How is this possible? Like most Americans, we are ignorant of the true meaning of Thanksgiving. And furthermore, the organized mass-murder of Native Americans is geographically and temporally so far removed from German consciousness that it guarantees us what Yaacov Trope once called “psychological distance”, the same coping mechanism at work when romanticizing Mafia figures like Al Capone or Lucky Luciano, or the fictional Sopranos (Maria Konnikowa wrote in the New Yorker about this phenomenon three years ago in an article titled “Why do we admire Mobsters?”).

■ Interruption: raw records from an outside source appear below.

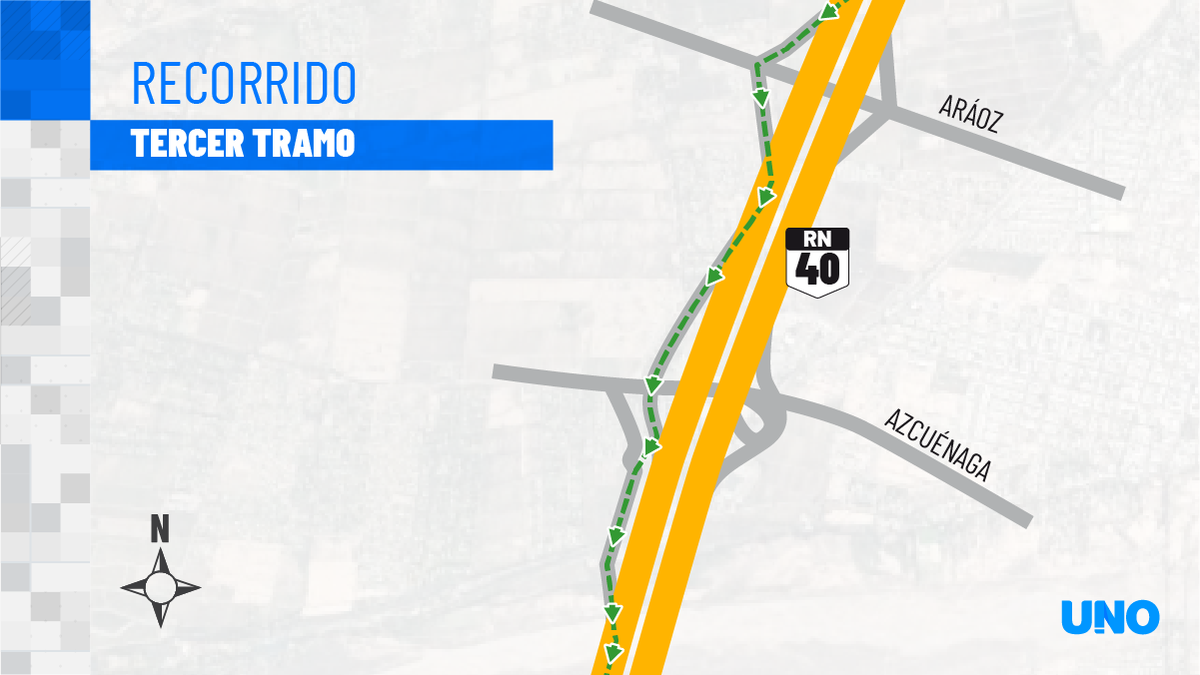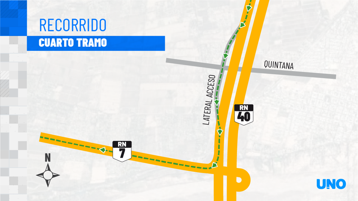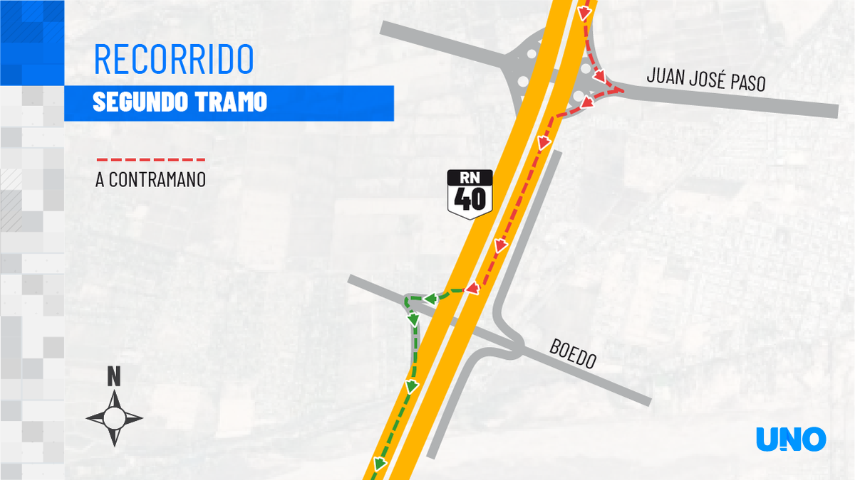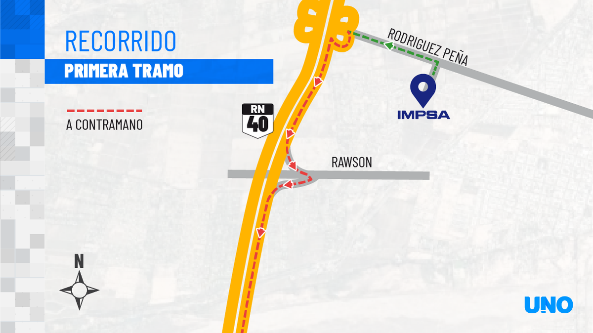 Luego se transitará un tramo en contramano hasta el puente Paso, en Luján de Cuyo, y se tomarán las colectoras de salida en los puentes Rawson y Paso.
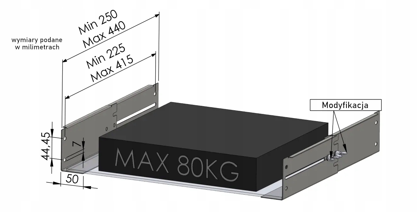 Szyna montażowa rack na ciężki sprzęt Heavy-S to praktyczne rozwiązanie dla osób poszukujących solidnego sposobu przechowywania cięższych przedmiotów. W zestawie znajdziesz komplet 2 sztuk o imponującej nośności aż do 80 kg! Te wytrzymałe szyny idealnie pasują do szaf o głębokości 400-600 mm i oferują regulowaną głębokość użytkową od 250 do 450 mm. Montaż jest łatwy, a solidna konstrukcja gwarantuje długotrwałą trwałość. Uporządkuj swoją przestrzeń dzięki Szynie Sprzętowej Heavy-S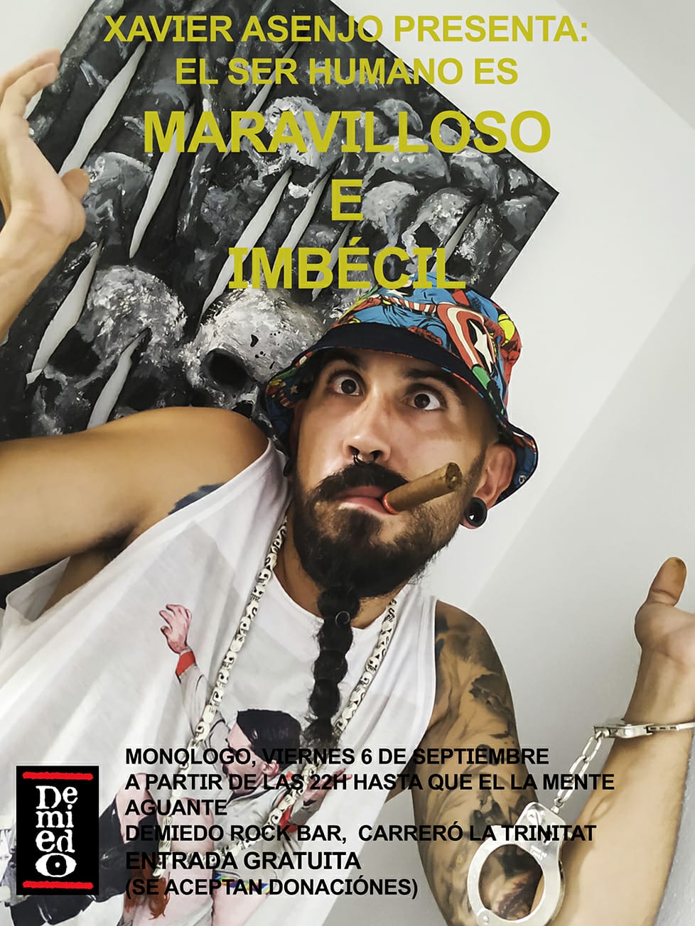 @N.C. / Xavier Asenjo se estrena como monologista con ‘El ser humano es maravilloso e imbécil’, un monólogo en el que habrá mucho humor negro y sin filtros, «los filtros son para los moralistas, a mí no me hacen falta», explica Asenjo. La cita con este humorista ibicenco es el viernes, 6 de septiembre, en el bar Demiedo a las 22 horas con entrada gratuita.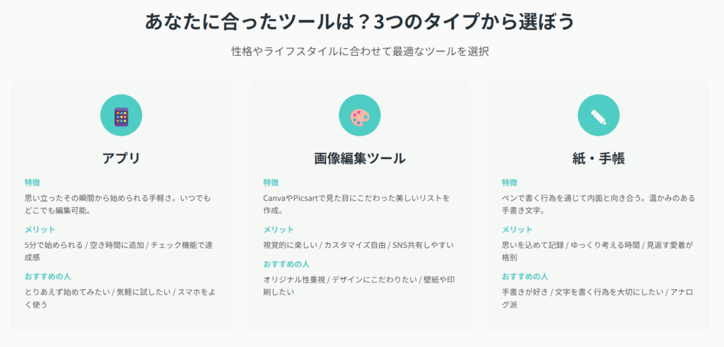 バケットリストを作り始める前に、まずは「どんな道具を使うか」と「どんな例があるか」を確認しておきましょう。準備をしっかりと整えることで、リスト作りがずっとスムーズになります。
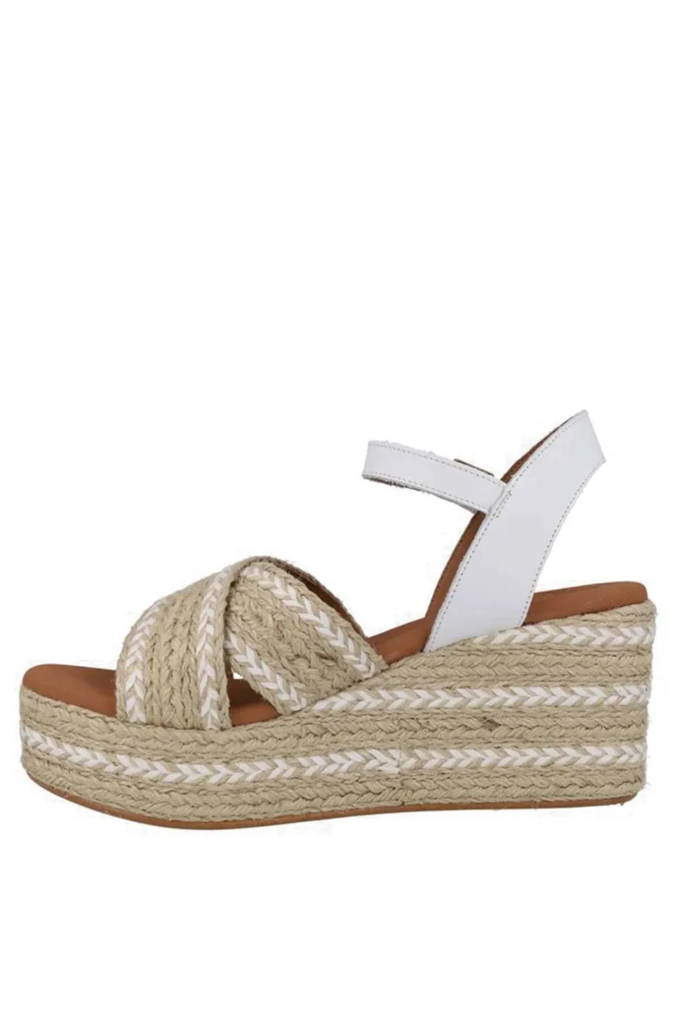 Benijo, combinando la rafia con detalles de su cuña con la piel de su pala cruzada, ¡te encantará para cada día! De media altura, para asegurar comodidad en cada pisada. Altura cuña: 8 cm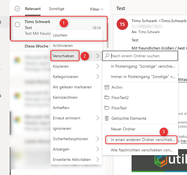 - Machen Sie einen Rechtsklick auf Ihre E-Mail, welche Sie verschieben möchten.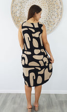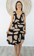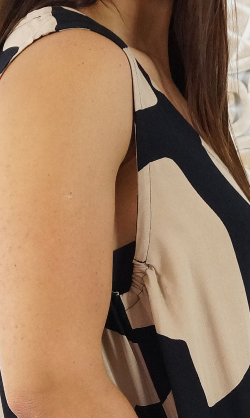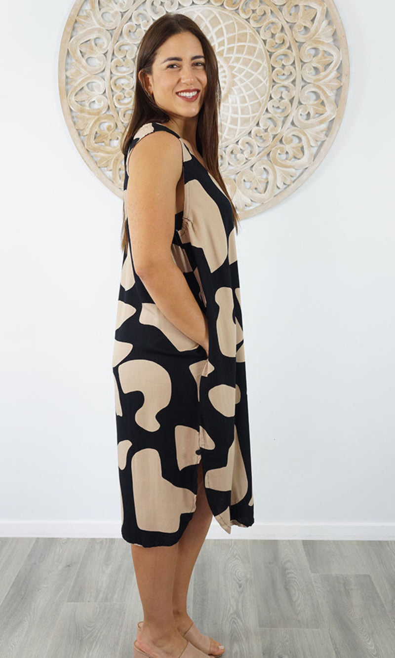 Expertly crafted from 100% rayon, this relaxed, wide-shoulder dress features adjustable elastic under the arms for a customizable fit for all body types.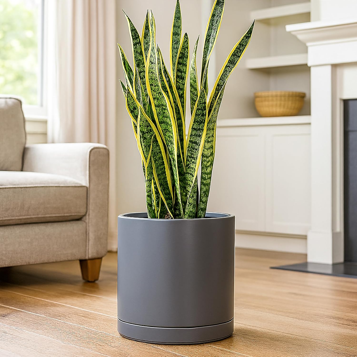 - Simple, elegant, and modern cylindrical straight round planter pot with saucer and drainage hole.

So importing American Thanksgiving seems like yet another harmless imitation of American cultural orthopraxy, when in reality it is the most troubling of them all.

And to those Germans who do know of the history of Thanksgiving and still choose to consciously commemorate it: it is as if they — history’s eternal bad guy — feel a kind of long-overdue relief and subconscious satisfaction in being able to celebrate a holiday commemorating a genocide committed by others than themselves for a change. And if someone like myself ought to try and morally shame them for it, they can always put their hands up in defiance and proclaim: “That wasn’t us, it was the Americans! And if they can celebrate it, why not us?” Like German indifference on Israel’s violent occupation of Palestinian lands, this kind of reckless irresponsibility is one of the many passive-aggressive and counterproductive fallouts of Germany’s singular (because masochistic and selective) way of assuming responsibility for its checkered past.

Don Quixotism

I asked my good friend B., a socially conscious contemporary with sufficient faculty for empathy, and who — like myself — is a graduate of Area Studies, an academic program once designed in the U.S. to facilitate Cold War one-upmanship and today — depending on the institution — a hotbed of critical and activist thinking through its interdisciplinary approach and mission of giving voice to subaltern knowledges repressed by Eurocentrism, thus challenging the hegemonic narratives the former has engendered, to be a responsible person and at least mention to his German Thanksgiving crowd what they would actually be celebrating, at the risk of being branded a party pooper, buzz-kill or wet blanket, fully aware that this would merely constitute a tilt at proverbial windmills, a miniscule drop of activism in a vast ocean of complacency. But a drop nonetheless.

Hesitant to ask him, as I already know the answer, I haven’t found out if he took that risk. Therefore, in his potential stead, this here article as a modest contribution to raising awareness to the plight of the Subaltern, and an attempt at shaming us for our head-in-the-sand-policies of denial.